11:50 - 12:15 Connecting the dots of Linked Data of resource collections
Thorsten Liebig
derivo GmbH, Germany


Libraries and museums around the globe are transforming their catalogs and records into Linked Data to foster linkage and navigation across data silos. This in return significantly enriches their own assets with valuable information stemming from related sources. The result is a large Knowledge Graph of cross-linked resources typically based on standards such as RDF or OWL. However, navigating and querying large graphs is challenging. Sure, many retrieval tasks are best served by standard user interfaces based on forms and fields.
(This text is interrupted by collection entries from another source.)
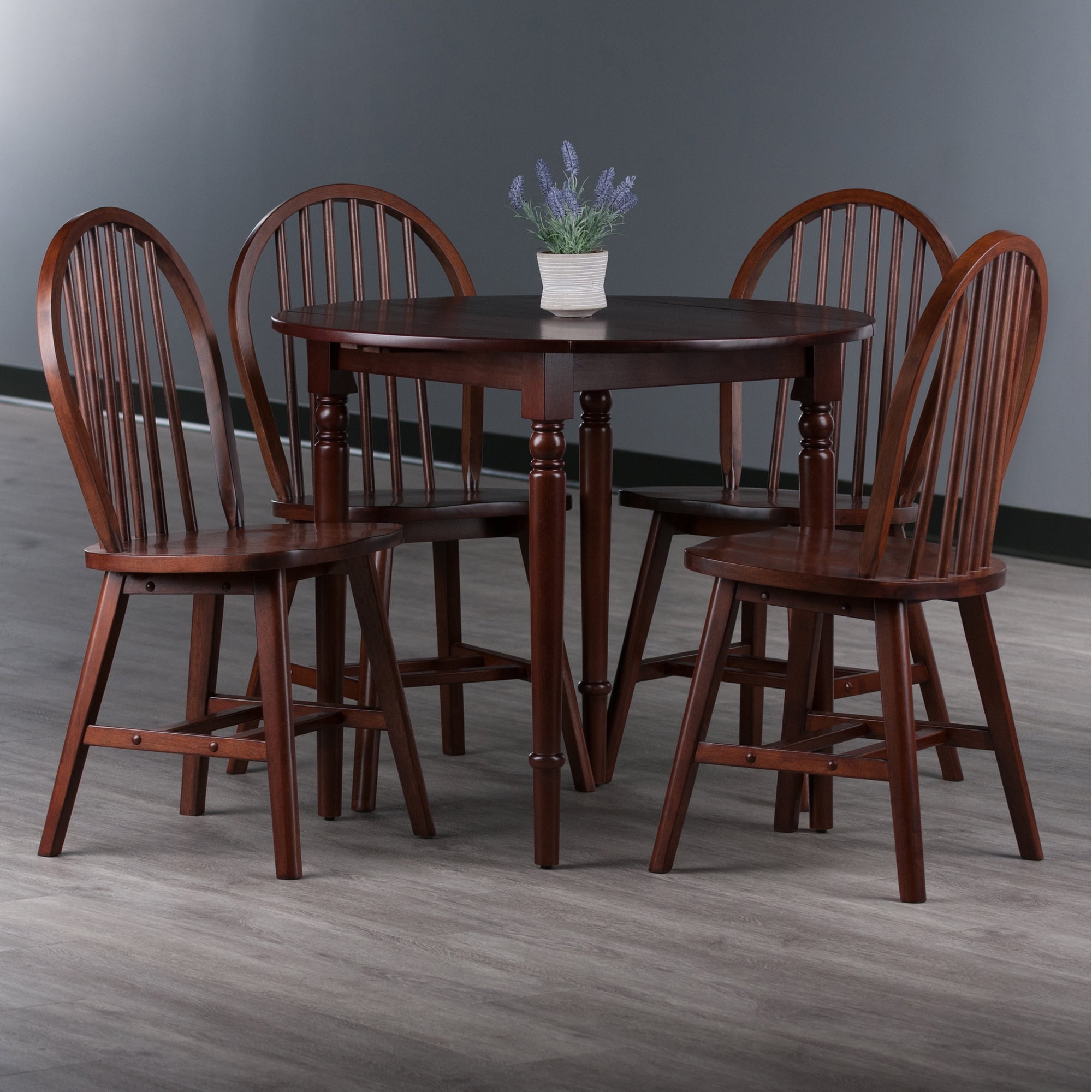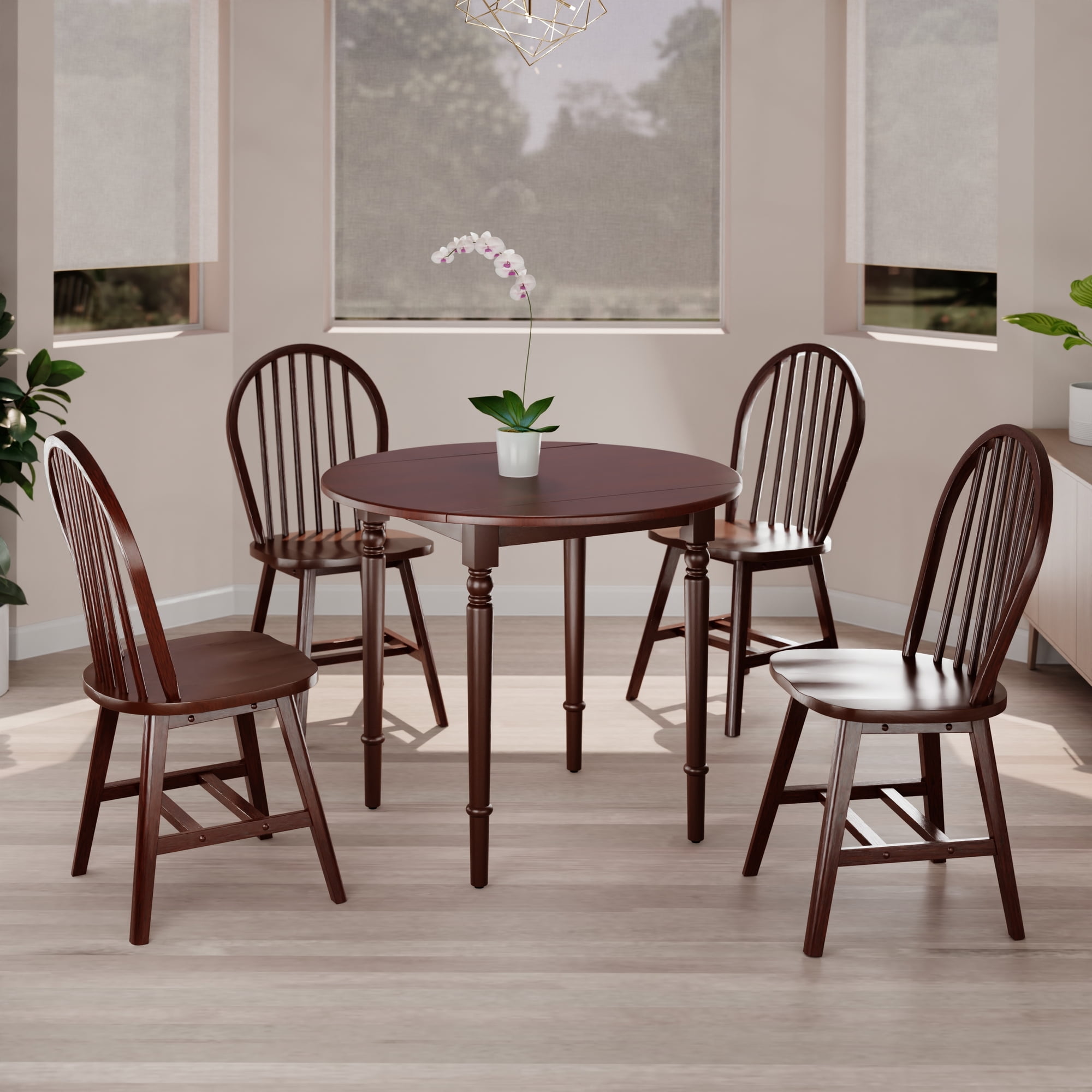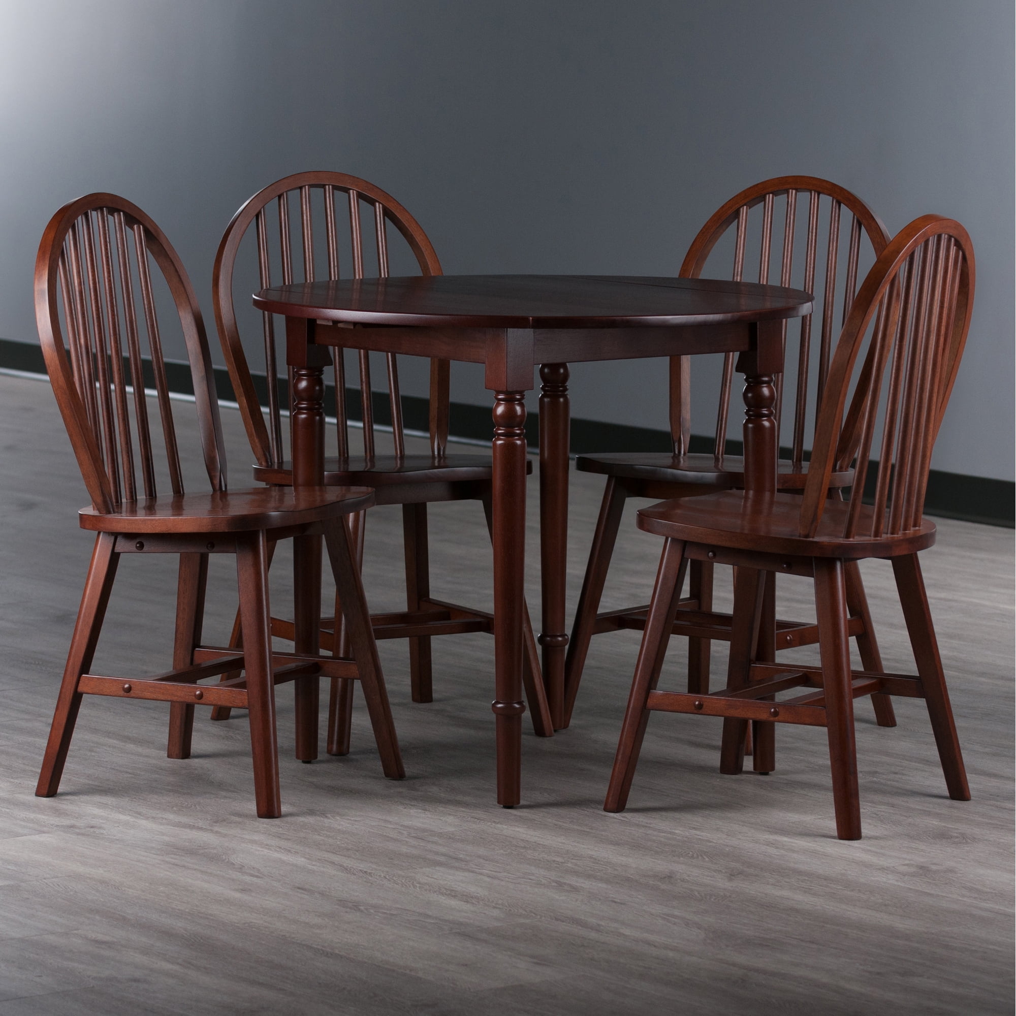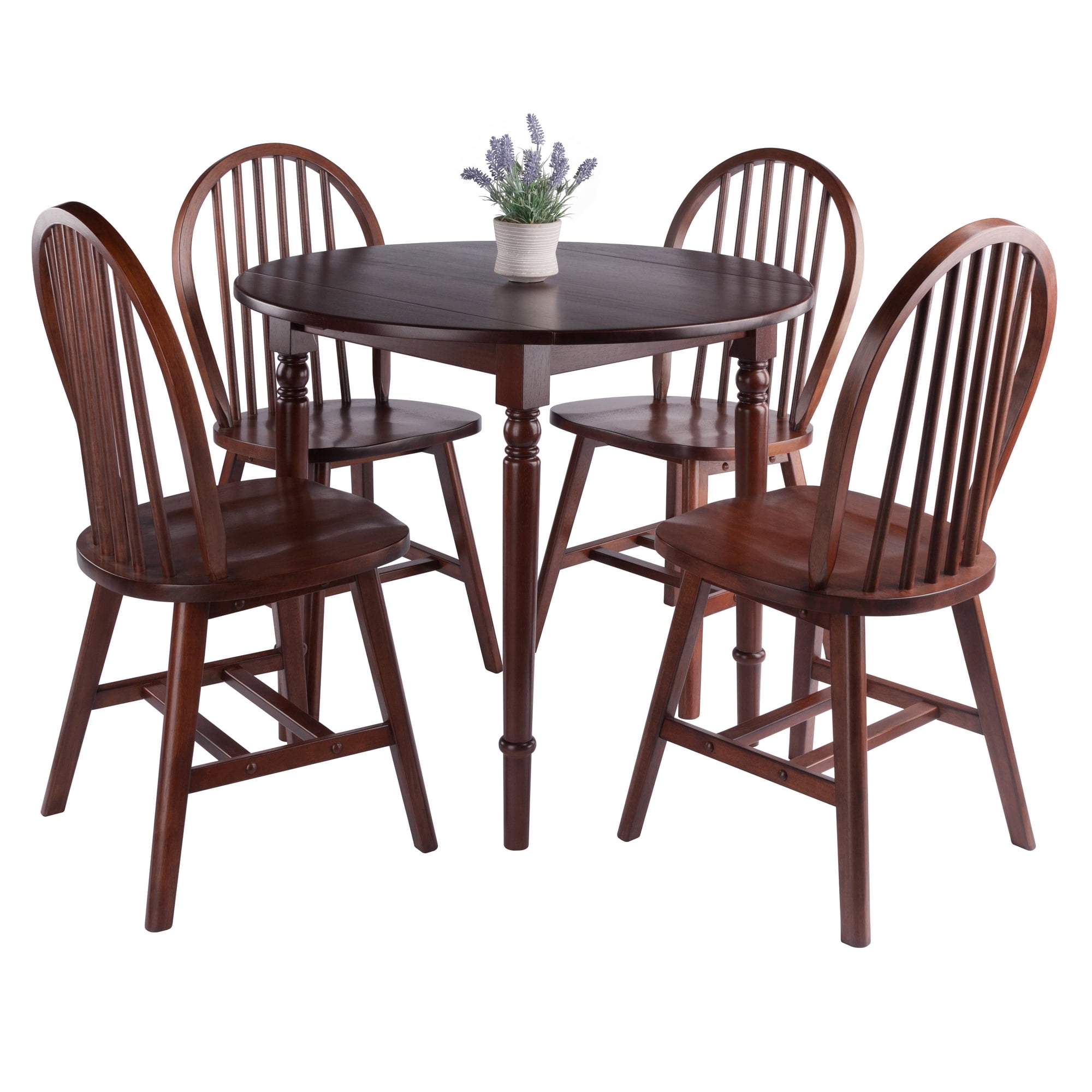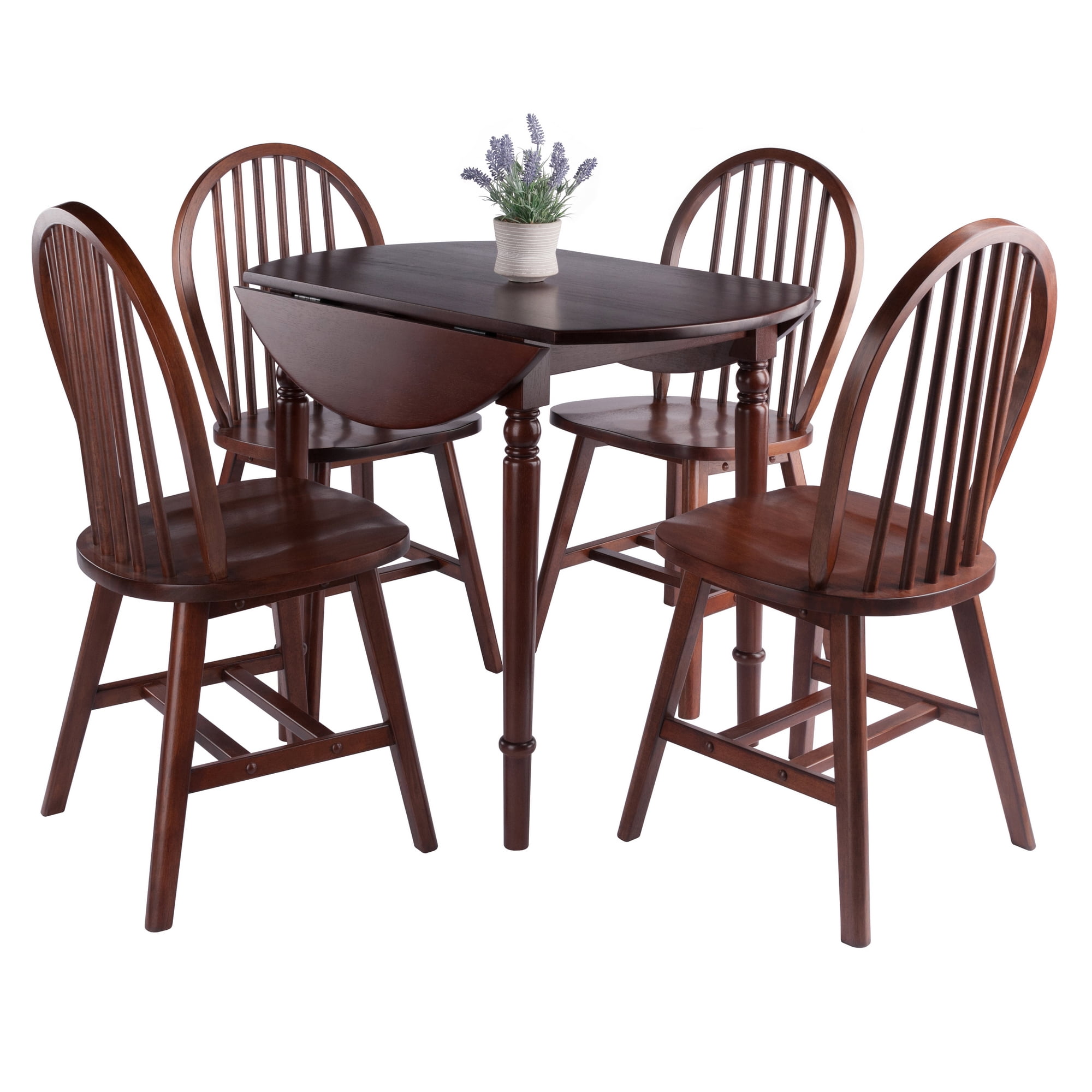 Winsome Sorella 5-Pc Set, Drop Leaf Table with Windsor Chairs, Walnut Finish
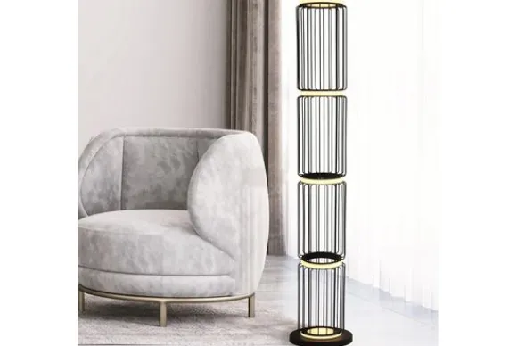Vloerlamp Circolo Cage EU54211-1BK van het merk Searchlight is een strakke, industriële vloerlamp. De lamp bestaat uit vijf LED-ringen, die verbonden zijn door matzwarte staven. Dit creëert een monochrome kleur. De lamp heeft een trendy uitstraling en is gemakkelijk in iedere kamer van een modern interieur te plaatsen. De lamp wordt geleverd inclusief snoer en voetschakelaar.
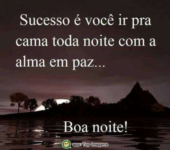 Sucesso é você ir pra cama toda noite com a alma em paz... Boa noite!
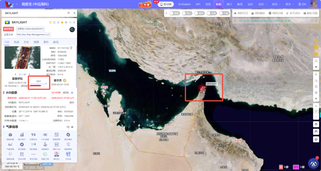船上共有20名船员,包括15名印度籍人员和5名伊朗人员,目前已全部撤离。船视宝-船舶显示,“SKYLIGHT’号目前锚泊在哈萨卜港锚地外水域。
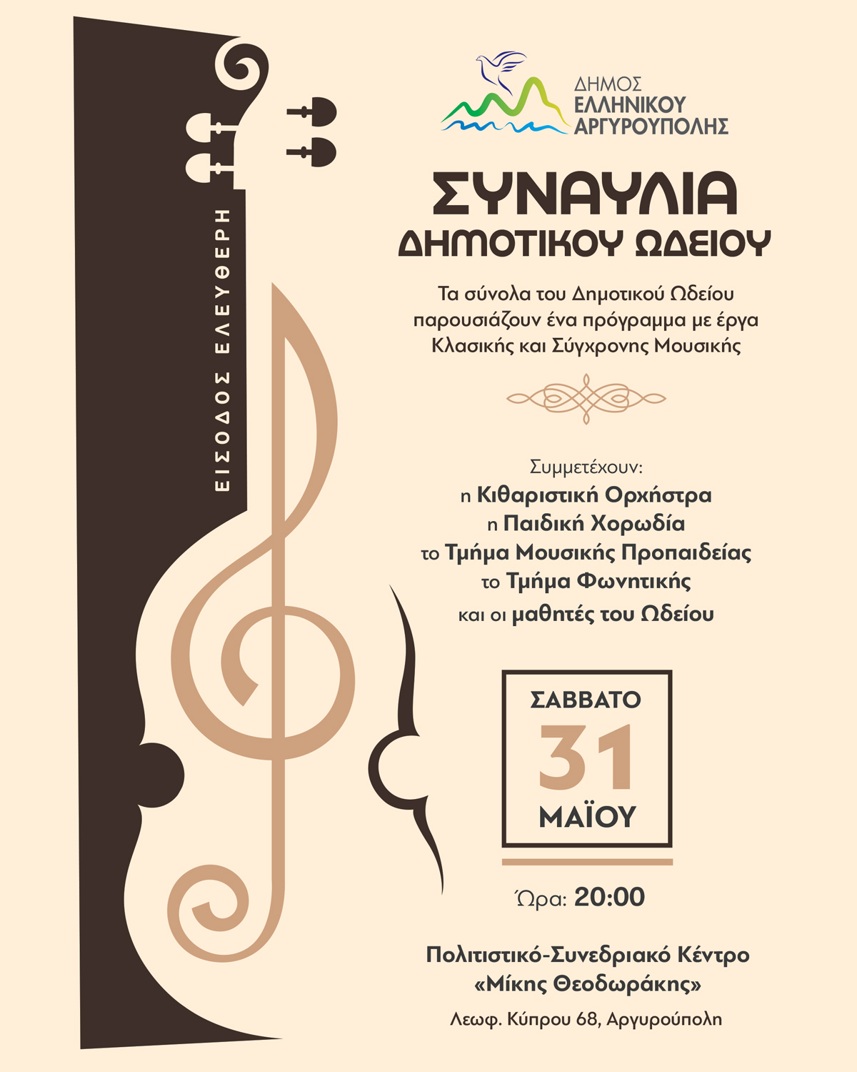 Το Δημοτικό Ωδείο του Δήμου Ελληνικού – Αργυρούπολης σας προσκαλεί σε μια συναυλία γεμάτη έμπνευση και νεανική δημιουργικότητα, το Σάββατο 31 Μαΐου και ώρα 20:00 στο Πολιτιστικό – Συνεδριακό Κέντρο «Μίκης Θεοδωράκης» (Λεωφ. Κύπρου 68, Αργυρούπολη).
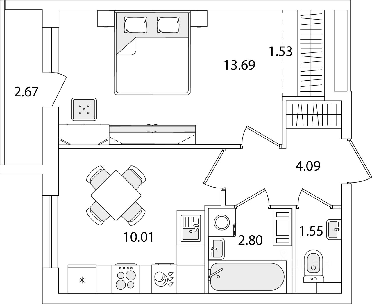 Жилая площадь13,7 м2

Despite that data providers and users often complain about poor tool support for explorative navigation through complex cross-linked library data. In fact, there should be something in between query forms and SQL/SPARQL query syntax. We will discuss tool support for visually analyzing and querying large LOD volumes with the help of example data from museums and the scholarly domain for providers and users. This includes interactive network rendering approaches, faceted search and other visualization paradigms that promise to ad hoc understand, analyze and track graph-based data as a whole. Relevant benchmark criteria in this respect are among others: - Scalability of visualization approach and user orientation (data provider & user) - User guidance during data exploration (data provider & user) - Support in detection of data patterns or flaws to increase data quality (data provider) - Presumed knowledge of the data schema or query languages (user)

12:15 - 13:45 LUNCH
13:45 - 15:10 Applying Linked Data technologies as a Backend infrastructure for scientific search portals
Benjamin Zapilko / Katarina Boland / Dagmar Kern
GESIS - Leibniz-Institute for the Social Sciences, Germany


In recent years, Linked Data became a key technology for organizations in order to publish their data collections on the web and to connect it with other data sources on the web. With the ongoing change in the research infrastructure landscape where an integrated search for comprehensive research information gains importance, organizations are challenged to connect their historically unconnected databases with each other. In an online survey with 337 social science researchers in Germany, we found evidence that researchers are interested in links between information of different types and from different sources. However, in current scientific portals this is often not yet reflected. In this presentation, we present how Linked Open Data technologies can generally be used to build a backend infrastructure for scientific search portals. This backend infrastructure is set as an additional layer between unconnected non-RDF data collections and makes the links between datasets visible and usable for retrieval via a search index. To address occurring heterogeneity with vague links between datasets, a research data ontology is used in addition for representing different versions and aggregations of research datasets. The LOD backend infrastructure is in use at the search portal of GESIS. The in-use application of our approach has been evaluated in this scientific search portal for the social sciences by investigating the benefit of links between different data sources in a user study. The source code of this project is publicly available.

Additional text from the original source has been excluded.